Optimization of road pavement design, especially towards the surface of the pavement, requires a more rational approach to modeling of truck tire-road contact stresses. Various road surfacing failures are given in this paper as examples, and it is shown that the traditional civil engineering tire model represented by a single uniformly distributed vertical contact stress of circular shape is inadequate to explain this type of surface failure. This paper therefore discusses the direct measurement of threedimensional (3D) tire pavement contact stresses using a flatbed sensor system referred to as the “Stress-In-Motion” (SIM) system. The SIM system (or device) consists of multiple conically shaped steel pins, as well as an array of instrumented sensors based on strain gauge technology. The test surface is textured with skid resistance approaching that of a dry asphalt layer. Full-scale truck tires have been tested since the mid-1990s and experience shows that 3D tire contact stresses are non-uniform and the footprint is often not of circular shape. It was found that especially the vertical shape of contact stress distribution changes, mainly as a function of tire loading.
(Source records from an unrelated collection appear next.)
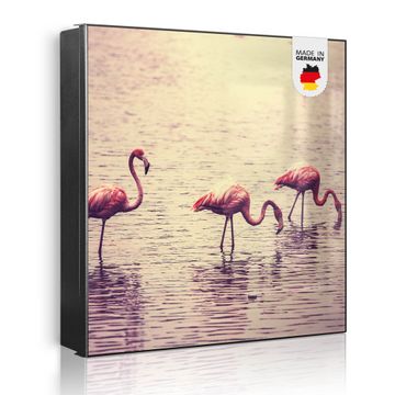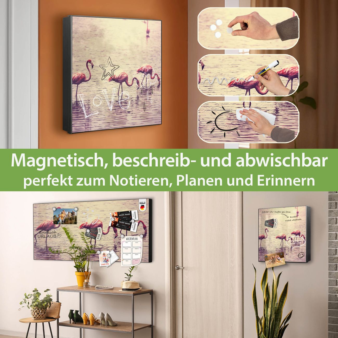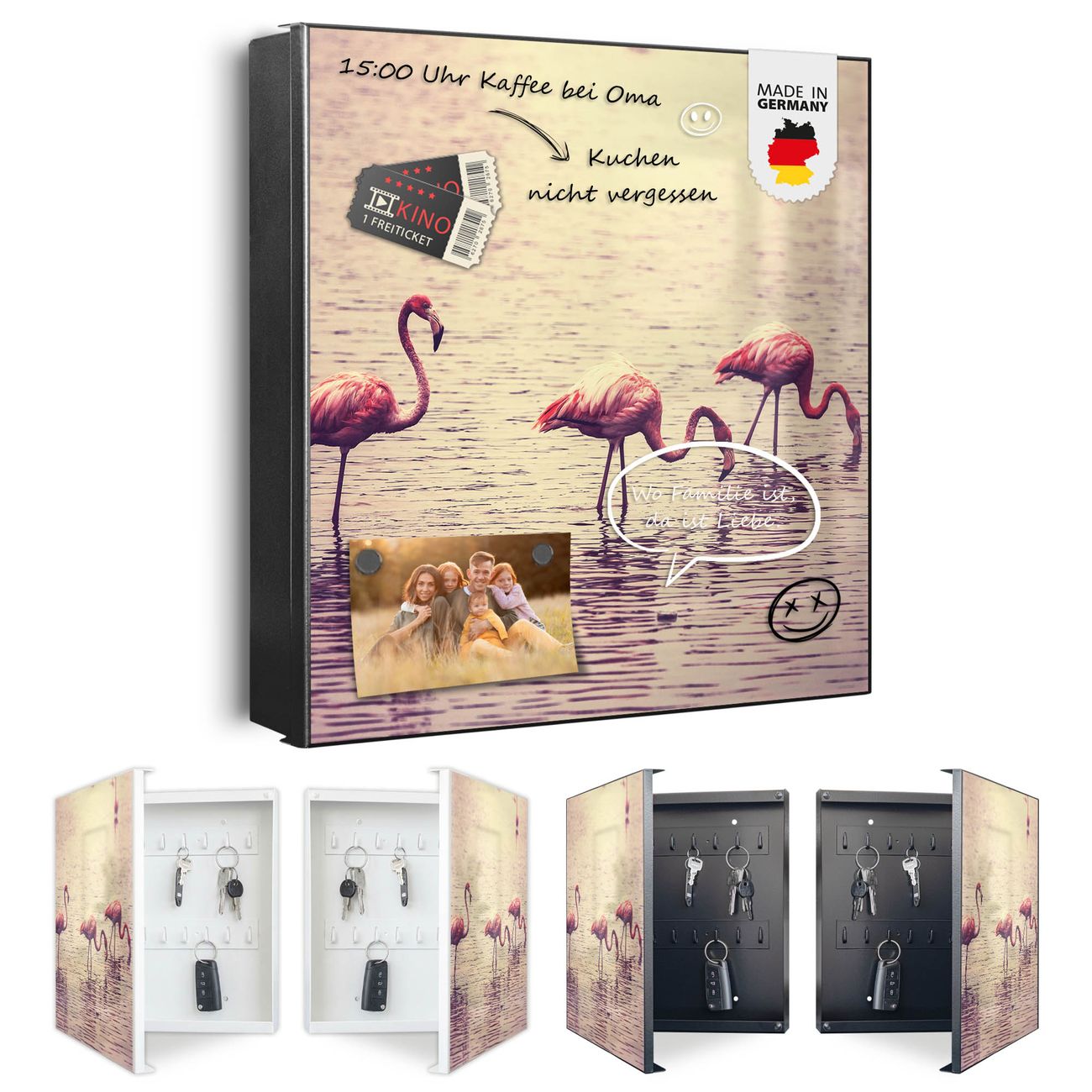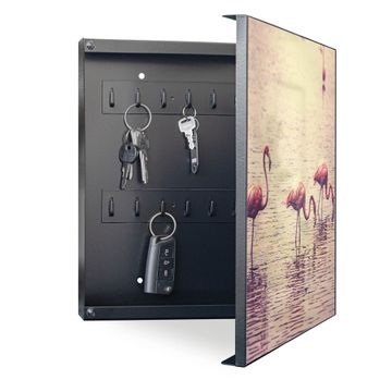Bringe Ordnung und Eleganz in deinen Eingangsbereich mit dem banjado Schlüsselkasten Motiv Motiv Drei Flamnigos . Die moderne Schlüsselbox kombiniert funktionales Design mit hochwertiger Verarbeitung und wird so zu einem echten Hingucker in Flur, Büro oder Ferienwohnung. ✅ Stilvolle Schlüsselaufbewahrung mit Motiv Motiv Drei Flamnigos Der Design-Schlüsselkasten Motiv Motiv Drei Flamnigos bietet Platz für bis zu 32 Schlüssel, die auf 4 stabilen Reihen mit je 8 Haken übersichtlich verstaut werden. Mit seinen kompakten Maßen von 30 x 30 x 5 cm passt die Schlüsselbox perfekt auch in kleinere Räume. Der schwarz lackierte Stahlkorpus mit rechts angeschlagenem Türscharnier harmoniert mit gedruckten Folie auf der Front und fügt sich nahtlos in jedes Wohnambiente ein. Ob als Schlüsselorganizer für Zuhause oder als praktische Lösung für Büros, Praxen und Gewerbe, der banjado Schlüsselkasten sorgt für Ordnung und Übersicht. Dank der magnetischen, mit Kreidestiften beschreibbaren Folie auf der Front kannst du Notizen anheften oder Termine direkt auf der Oberfläche festhalten. Die Schlüsselbox Motiv Motiv Drei Flamnigos zur Wandmontage wird inklusive Befestigungsmaterial geliefert und ist schnell angebracht. So hast du deine Schlüssel jederzeit griffbereit und zugleich stilvoll verstaut. Mit diesem banjado Schlüsselkasten Motiv Motiv Drei Flamnigos kombinierst du praktische Aufbewahrung mit stilvollem Wohndesign. Ob privat oder geschäftlich, die Schlüsselbox sorgt für mehr Ordnung, Übersicht und ein wohnliches Ambiente.Vorteile im Überblick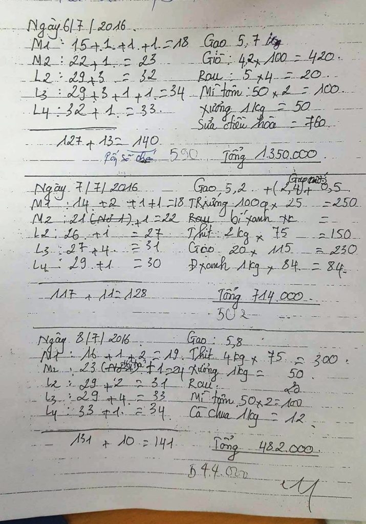 Vị này chỉ tay vào những số liệu ghi chép trong cuốn sổ, giải thích: “Đây, ví dụ như trong ngày 6/7/2016, nhà bếp nhập về 5,7kg gạo, giò 4,2kg, rau 5 mớ, mì tôm 50 gói, xương 1kg, tổng hết 590.000 đồng. Lấy số tiền này chia cho 140 cháu hôm đó đi học thì tính ra khẩu phần ăn mỗi cháu chỉ được hơn 4.200 đồng”.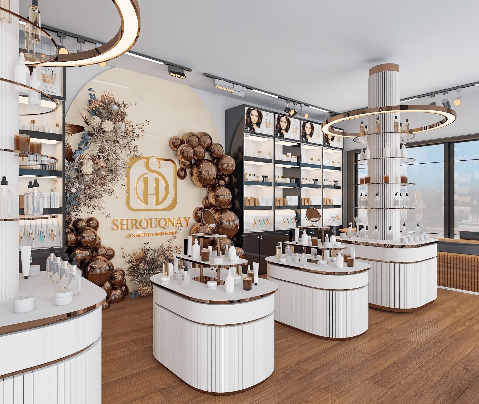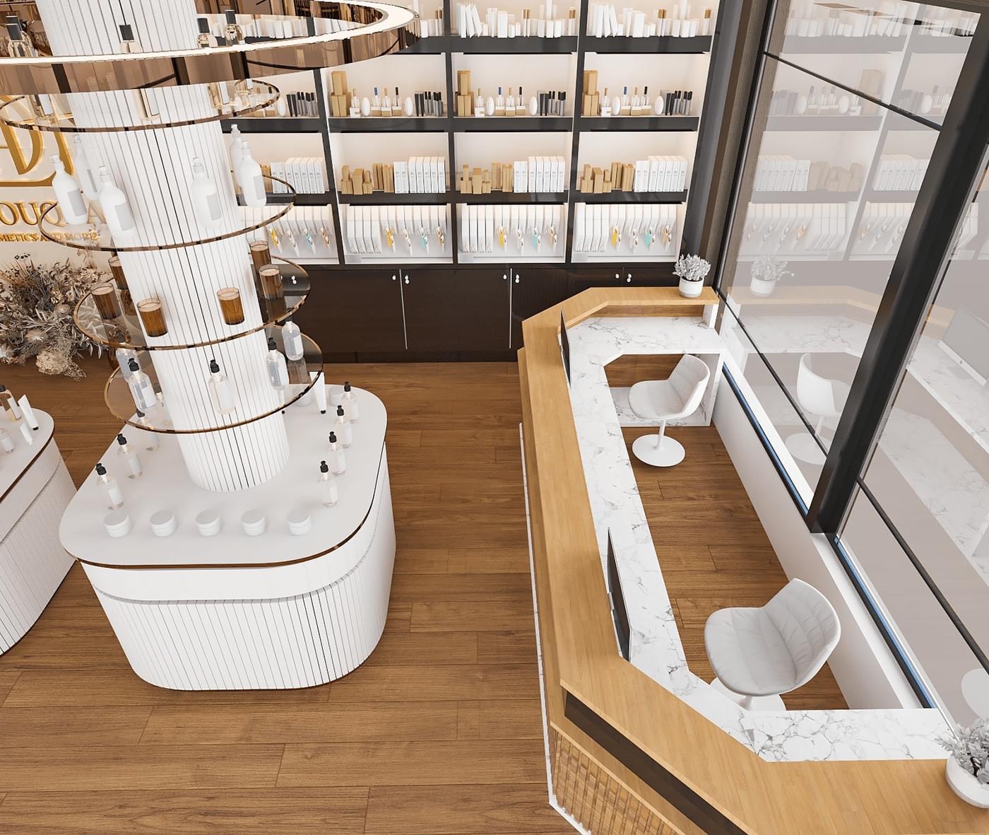 Nội thất shop mỹ phẩm tại Hà Nội với tông màu ấm áp vô cùng sang trọng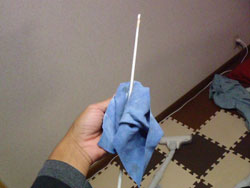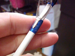 急遽、はみ出たコーティングを麺棒で修正。今回、失敗ばっかし!ナイロン平フデは、なるべく毛先が短いほうがいいです。
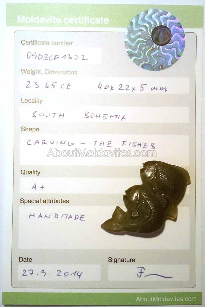 09DSCF1322 – certified moldavite Frantisek / January 15, 2013 Certificate number: 09DSCF1322 Weight: 23.65ct Dimensions: 40 x 22 x 5mm Locality: South Bohemia Shape: Carving – the fishes Quality: A+ Special attributes: Handmade Date: 27.9.2014 FacebookTwitterPinterestTumblrStumbleUponShare this:TweetMoreEmailRedditShare on TumblrPrintLike this:Like Loading...
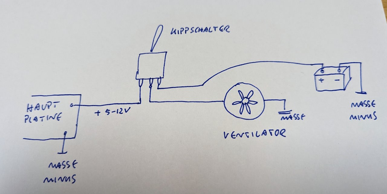 ich hätte da so eine Idee, bin aber nicht überzeugt. Du könntest das rote Kabel vom Lüfter auftrennen und mit einem Kippschalter versehen. Das mittlere Kabel beim Kippschalter geht zum Lüfter. Einer der äusseren Pins geht zur Hauplatine (Ursprungszustand) der andere äussere Pin geht auf 12 Volt (Ventilator an).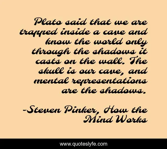 This page presents the quote "Plato said that we are trapped inside a cave and know the world only through the shadows it casts on the wall. The skull is our cave, and mental representations are the shadows.". Author of this quote is Steven Pinker, How the Mind Works. This quote is about epistemology, cave, knowledge, plato, mind, representation,.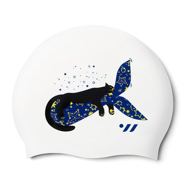 SWAVE Dreaming Jaguar Silicone Swim Cap White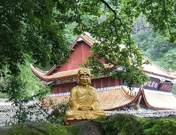 據佛教傳說,三國時蜀將關云長死后曾在玉泉山顯圣,并受戒于天臺智者和尚,問禪于神秀法師,后來佛教奉祀為護法伽藍神。慧燈庵四周被古木茂林所合圍,一年四季每天早晚都有林鳥的鳴唱,正應一句古詩所云“鳥鳴山更幽”。 版權所有山東聊城聊之旅國際旅行社有限公司,轉載必究!慧燈庵后有一棵被稱為“九心十八瓣”的古茶花,樹齡已有240多年。所開的花為十瓣,外觀像獅子頭,花期為每年春節前后。在慧燈庵前,還可仰望到屹立于天柱峰頂直插云霄的金頂寺楞嚴塔雄姿。
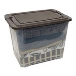 Guardamovil Briko con tapa grande café camel. Guardamóvil transparente grande multiusos con tapa de cierre semi hermético, incluye ruedas para facil movilización Medidas del producto (Alt+Anch+Prof): 40 x 52 x 35 cm CASA PICA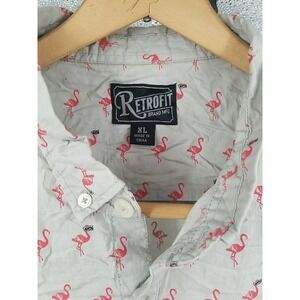 Retrofit Men's Shirt Flamingo Print Short Sleeve Button Down XL Pocket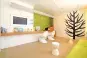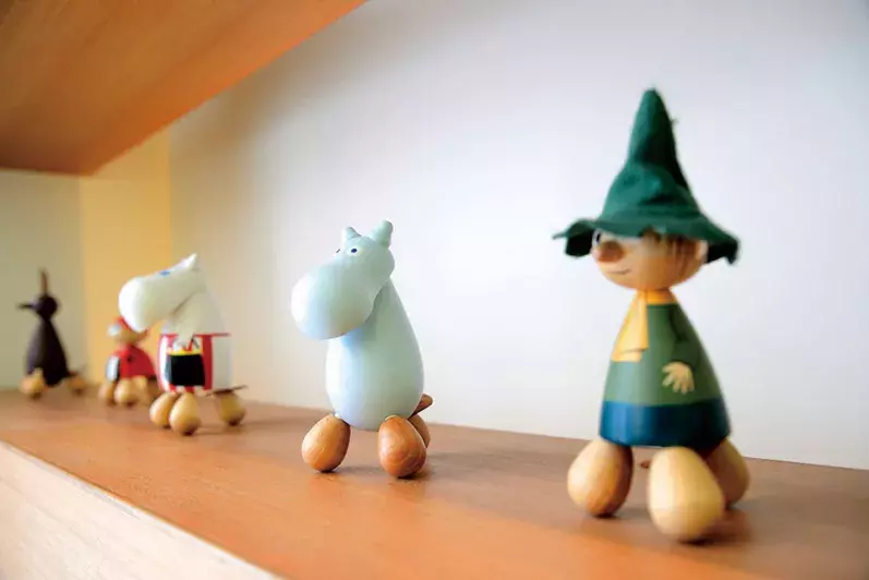 広い待合室の壁には森をイメージしたイラストと、ムーミンの世界が北欧家具とともに展開される。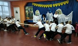 Ребята строили крепость, преодолевали болота, были всадниками, устраивали бой подушками, бегали в мешках и перетягивали канат. Также попробовали себя в изготовлении кораблей.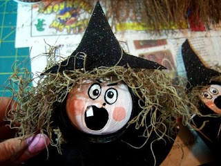 I stole a handful of spaghnum moss out of one of my silk flower arrangements and using the hot glue, glued small amounts onto each witch for hair. This is an incredibly messy step. I ended up with moss all over me and my worktable. But is makes great witch hair. Cut out three witch hats from your black craft foam and glue them onto the top of each witchy head. Add cheeks by mixing a drop of red with the white and adding to the witches faces.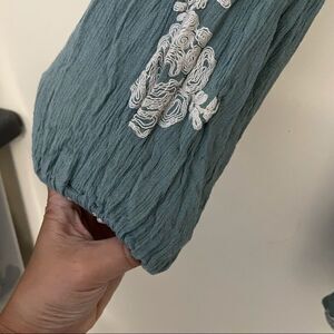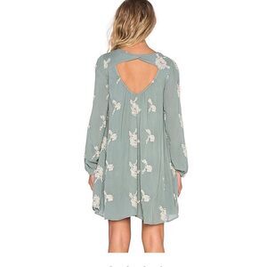 FREE PEOPLE Emma's Embroidered Dress in Misty Green Back Cut Out Detail SZ SP
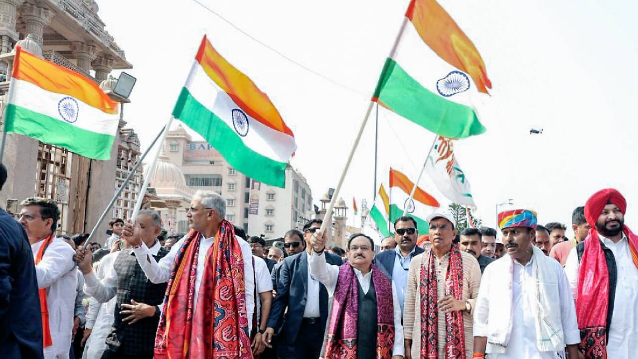 Union Minister for Labor and Employment, Youth Affairs and Sports, Mansukh Mandaviya and Union Minister for Commerce and Industry, Piyush Goyal pose for a photograph with child actors and artistes during the Unity March organized as part of the 150th birth anniversary celebrations of Sardar Vallabhbhai Patel, in Vadodara on Saturday.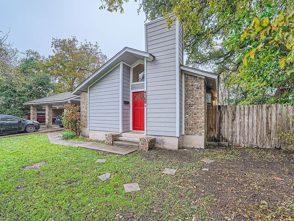 Step into the charm of East Austin with the half newly renovated duplex, transformed into your new house of your dreams. Located just 2 miles from the UT Campus and 2.5 miles from downtown Austin, this home is perfectly situated for urban living. Walk to Mueller, where you'll find an array of bars, restaurants, and even a unique HEB with an outdoor bar and live music. Nearby amenities include Dell Children's Hospital, major retailers like Home Depot and Best Buy, Alamo Drafthouse Cinemas, and a vibrant Farmer's Market. Enjoy the convenience of Patterson Park across the Airport, offering tennis courts, playgrounds, fields, and a city pool. Discover this epic tree-lined neighborhood, called Delwood, of East Austin. Two bedroom, 2 bath duplex, with a large fenced yard and one carport. Vinyl floors throughout, vaulted living room ceiling with corner fireplace. Windows are surrounding the house to get more natural light. The little patio on the side will give you the little private space to enjoy the outside fresh air and the nature. Great separation between bedrooms. This neighborhood has a nativized flock of peacocks that you will see frequently walking around. Pet friendly with $300 non-refundable pet fee per pet, limit 2 pets.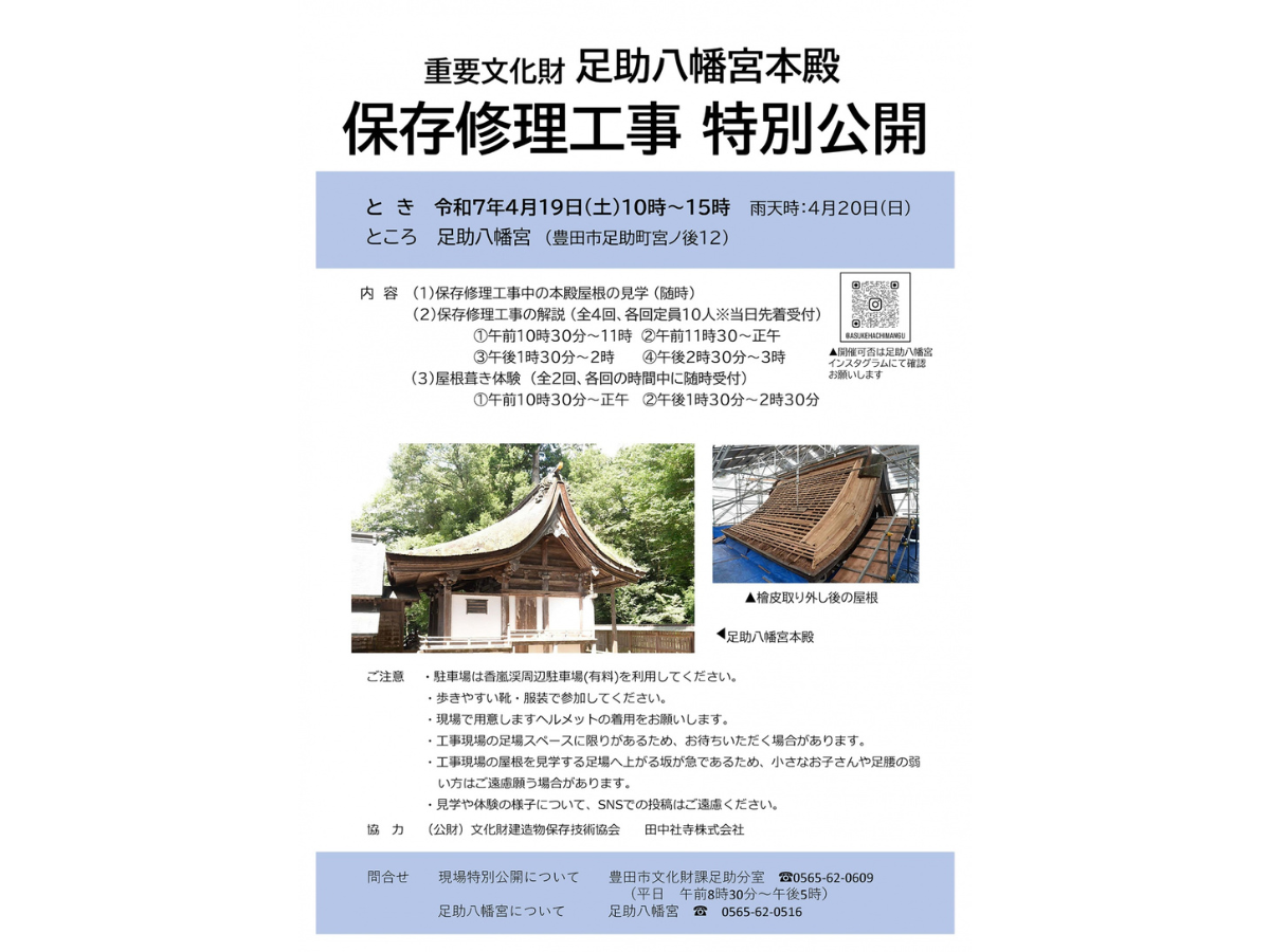 | 電話番号 | 修理工事特別公開について: 豊田市役所 足助支所 文化財課足助分室 0565-62-0609 足助八幡宮について: 足助八幡宮 0565-62-0516 |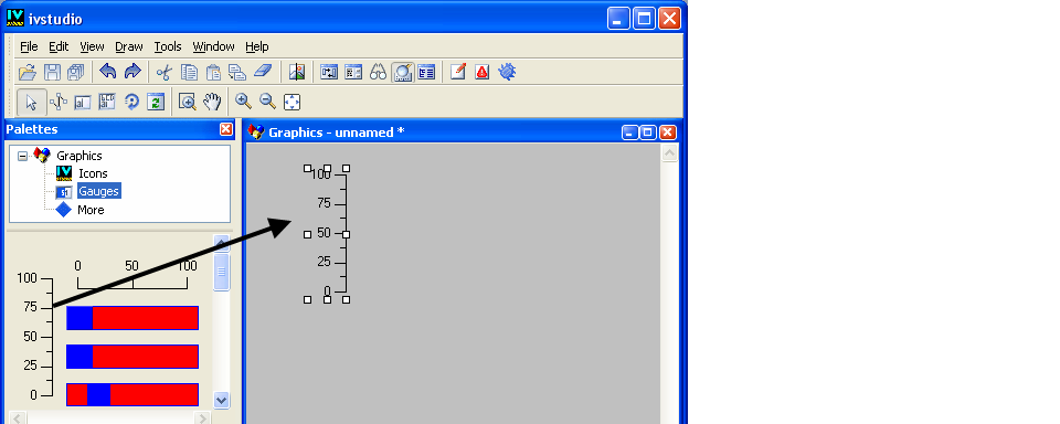 In the upper pane of Palettes panel, click Gauges in the tree.
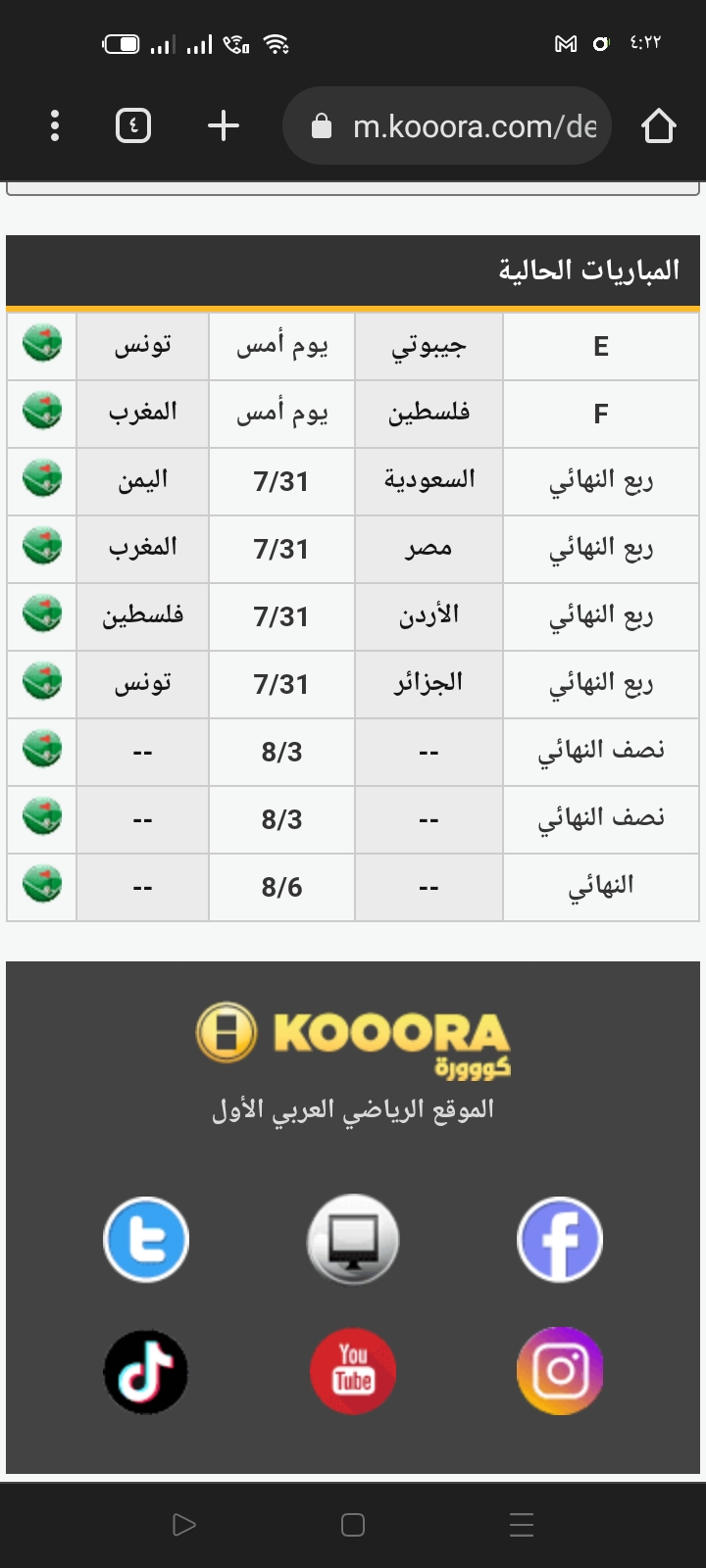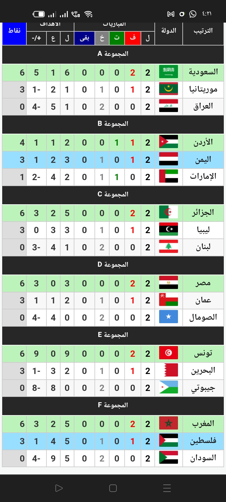 وتأهل المنتخب السعودي عن المجموعة الأولى، مع منتخبي الأردن واليمن من الثانية، ومنتخب الجزائر من الثالثة والمنتخب المصري من الرابعة، والمنتخب التونسي من المجموعة الخامسة، رفقة منتخبي المغرب وفلسطين من المجموعة السادسة والأخيرة.وتقام مباريات الدور ربع النهائي على مدار يوم الأحد المقبل.

In overloaded/underinflated cases, vertical contact stresses maximize towards the edges of the tire contact patch. Higher inflation pressures at lower loads, on the other hand, result in maximum vertical stresses towards the center portion of the tire contact patch. These differences in shape and magnitude need to be incorporated into modern road pavement design. Four different tire models were used to represent a single tire type in order to demonstrate its effect on road pavement response of a typical South African pavement structure. Only applied vertical stress was used for the analyses. It was found that road surface layer life can reduce by as much as 94 percent as a result of simply using a different tire model on the same pavement structure.